Before: Cavanagh, P.J., and Jansen and Meter, JJ.
PER CURIAM.
Defendant was convicted by a jury of armed robbery, MCL 750.529, and was sentenced
as a fourth-offense habitual offender, MCL 769.12, to five to twenty years’ imprisonment. He
appeals as of right. We affirm. This appeal has been decided without oral argument pursuant to
MCR 7.214(E).
On September 23, 2006, defendant robbed the female victim in the parking lot of a
Farmer Jack’s grocery store in Dearborn Heights. The victim observed something silver in
defendant’s right hand; she believed it was a gun. Defendant ran away with the victim’s purse
and keys. She briefly followed him before calling the police. A police officer dispatched to the
scene located defendant a relatively short time later in the darkened restroom of a used-car
building. Defendant’s clothing matched that of the perpetrator. The police officer searched the
restroom and found a wrench between the trashcan and the wall.
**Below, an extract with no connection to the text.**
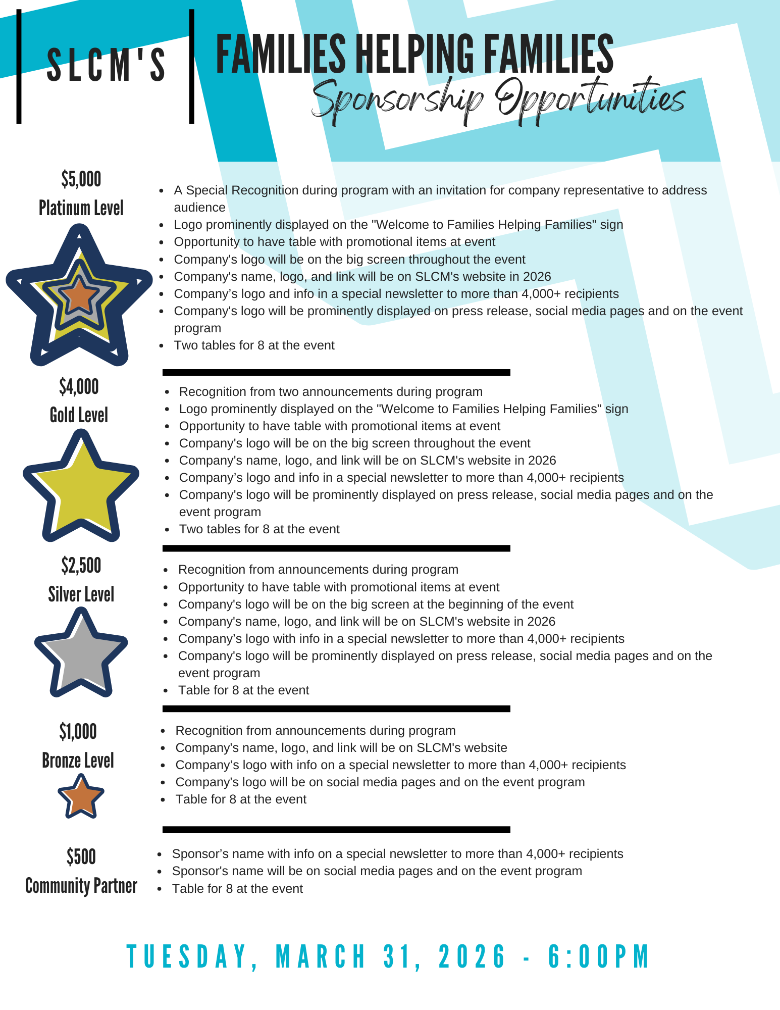 Please join us on Tuesday, March 31st at The Olmsted for our annual dinner, Families Helping Families. Each year we welcome our SLCM family including donors, staff, volunteers, partners and community members as we celebrate all that we've accomplished as a community.

Defendant was transported
back to Farmer Jack’s, where the victim immediately identified him as her assailant.
Defendant first argues on appeal that he was denied the effective assistance of counsel
because trial counsel advised him that, if he testified, the prosecution would likely impeach him
using his criminal-conviction record.
Defendant failed to move for a new trial or an evidentiary hearing concerning his claims
of ineffective assistance of counsel; therefore, our review is limited to mistakes apparent on the
record. People v Rodriguez, 251 Mich App 10, 38; 650 NW2d 95 (2002).1
1
A panel of this Court previously denied defendant’s motion for a remand to develop a trialcourt record, and we decline to revisit that decision.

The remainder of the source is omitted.